Task item —
Copy the listing below exactly. Pictures stay out of it.

Material to process —

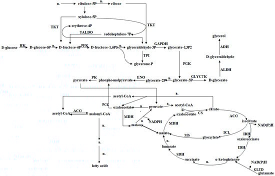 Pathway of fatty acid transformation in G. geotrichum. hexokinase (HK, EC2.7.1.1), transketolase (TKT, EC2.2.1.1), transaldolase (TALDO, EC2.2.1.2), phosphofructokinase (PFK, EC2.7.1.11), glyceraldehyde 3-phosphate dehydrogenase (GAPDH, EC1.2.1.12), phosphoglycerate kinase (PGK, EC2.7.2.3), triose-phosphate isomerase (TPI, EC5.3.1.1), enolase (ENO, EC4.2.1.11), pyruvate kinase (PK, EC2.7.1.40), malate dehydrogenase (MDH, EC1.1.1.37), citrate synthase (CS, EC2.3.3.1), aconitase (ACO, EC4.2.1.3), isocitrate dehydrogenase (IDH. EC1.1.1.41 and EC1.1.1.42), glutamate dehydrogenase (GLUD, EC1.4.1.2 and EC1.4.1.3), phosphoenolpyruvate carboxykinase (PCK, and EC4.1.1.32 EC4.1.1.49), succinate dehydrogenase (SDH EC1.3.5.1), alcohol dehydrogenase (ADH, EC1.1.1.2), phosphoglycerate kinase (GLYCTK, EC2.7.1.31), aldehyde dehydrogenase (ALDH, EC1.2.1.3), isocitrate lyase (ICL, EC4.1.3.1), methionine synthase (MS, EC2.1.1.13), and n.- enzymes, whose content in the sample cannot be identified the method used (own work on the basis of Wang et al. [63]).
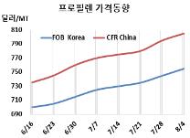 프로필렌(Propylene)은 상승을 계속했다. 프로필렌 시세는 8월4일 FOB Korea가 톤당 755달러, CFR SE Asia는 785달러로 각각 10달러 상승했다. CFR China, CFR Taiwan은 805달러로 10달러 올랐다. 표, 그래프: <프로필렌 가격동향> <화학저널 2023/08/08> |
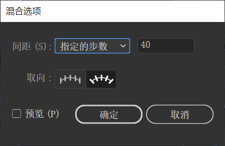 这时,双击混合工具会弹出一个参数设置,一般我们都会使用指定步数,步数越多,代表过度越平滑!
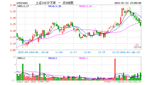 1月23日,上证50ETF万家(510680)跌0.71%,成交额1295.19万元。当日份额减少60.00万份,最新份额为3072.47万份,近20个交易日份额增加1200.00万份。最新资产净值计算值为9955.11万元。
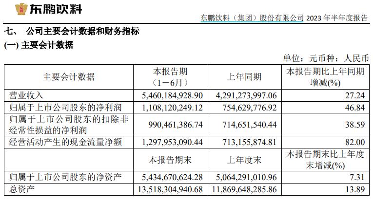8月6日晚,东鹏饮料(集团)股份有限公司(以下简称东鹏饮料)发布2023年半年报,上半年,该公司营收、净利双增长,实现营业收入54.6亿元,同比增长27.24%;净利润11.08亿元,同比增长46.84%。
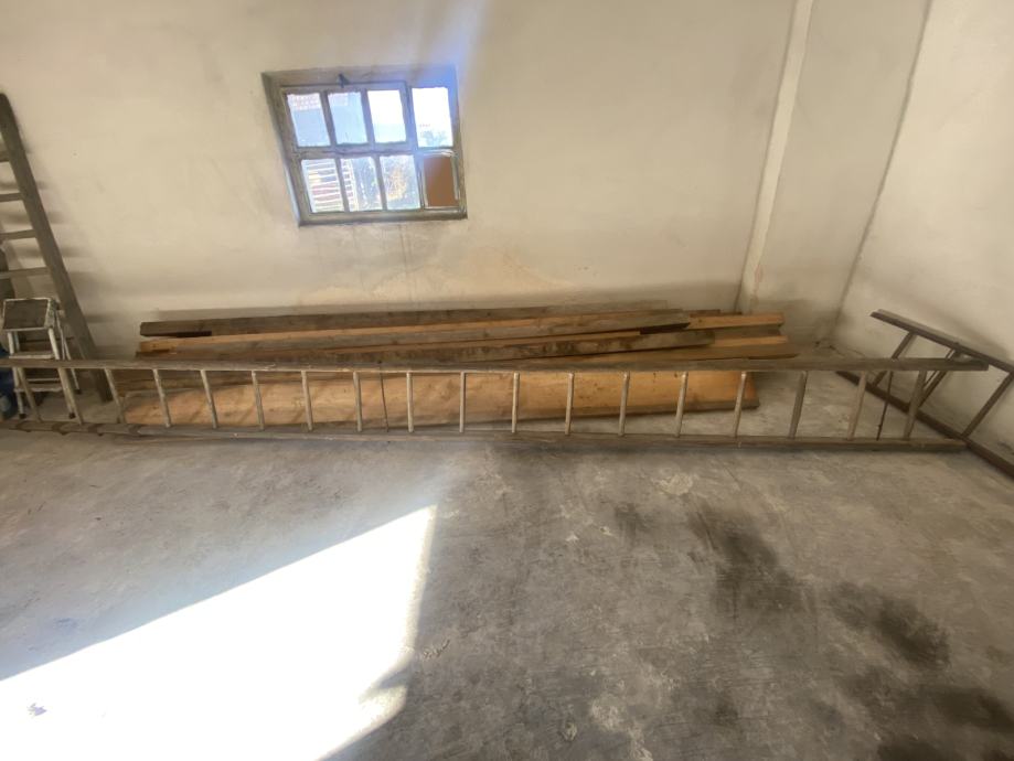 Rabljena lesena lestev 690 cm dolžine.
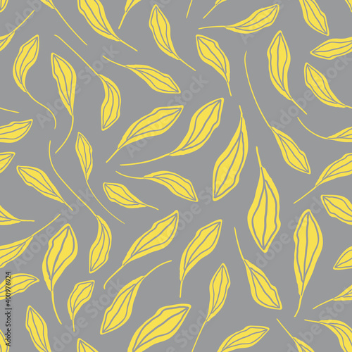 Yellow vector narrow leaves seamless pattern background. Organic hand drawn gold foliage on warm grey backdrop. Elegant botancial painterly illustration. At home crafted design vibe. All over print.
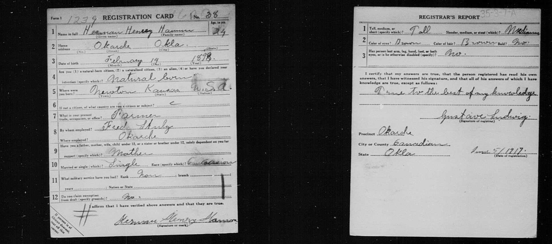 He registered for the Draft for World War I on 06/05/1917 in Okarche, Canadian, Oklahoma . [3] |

Reply to the task —
 Pathway of fatty acid transformation in G. geotrichum. hexokinase (HK, EC2.7.1.1), transketolase (TKT, EC2.2.1.1), transaldolase (TALDO, EC2.2.1.2), phosphofructokinase (PFK, EC2.7.1.11), glyceraldehyde 3-phosphate dehydrogenase (GAPDH, EC1.2.1.12), phosphoglycerate kinase (PGK, EC2.7.2.3), triose-phosphate isomerase (TPI, EC5.3.1.1), enolase (ENO, EC4.2.1.11), pyruvate kinase (PK, EC2.7.1.40), malate dehydrogenase (MDH, EC1.1.1.37), citrate synthase (CS, EC2.3.3.1), aconitase (ACO, EC4.2.1.3), isocitrate dehydrogenase (IDH. EC1.1.1.41 and EC1.1.1.42), glutamate dehydrogenase (GLUD, EC1.4.1.2 and EC1.4.1.3), phosphoenolpyruvate carboxykinase (PCK, and EC4.1.1.32 EC4.1.1.49), succinate dehydrogenase (SDH EC1.3.5.1), alcohol dehydrogenase (ADH, EC1.1.1.2), phosphoglycerate kinase (GLYCTK, EC2.7.1.31), aldehyde dehydrogenase (ALDH, EC1.2.1.3), isocitrate lyase (ICL, EC4.1.3.1), methionine synthase (MS, EC2.1.1.13), and n.- enzymes, whose content in the sample cannot be identified the method used (own work on the basis of Wang et al. [63]).
 프로필렌(Propylene)은 상승을 계속했다. 프로필렌 시세는 8월4일 FOB Korea가 톤당 755달러, CFR SE Asia는 785달러로 각각 10달러 상승했다. CFR China, CFR Taiwan은 805달러로 10달러 올랐다. 표, 그래프: <프로필렌 가격동향> <화학저널 2023/08/08> |
 这时,双击混合工具会弹出一个参数设置,一般我们都会使用指定步数,步数越多,代表过度越平滑!
 1月23日,上证50ETF万家(510680)跌0.71%,成交额1295.19万元。当日份额减少60.00万份,最新份额为3072.47万份,近20个交易日份额增加1200.00万份。最新资产净值计算值为9955.11万元。
8月6日晚,东鹏饮料(集团)股份有限公司(以下简称东鹏饮料)发布2023年半年报,上半年,该公司营收、净利双增长,实现营业收入54.6亿元,同比增长27.24%;净利润11.08亿元,同比增长46.84%。
 Rabljena lesena lestev 690 cm dolžine.
 Yellow vector narrow leaves seamless pattern background. Organic hand drawn gold foliage on warm grey backdrop. Elegant botancial painterly illustration. At home crafted design vibe. All over print.
 He registered for the Draft for World War I on 06/05/1917 in Okarche, Canadian, Oklahoma . [3] |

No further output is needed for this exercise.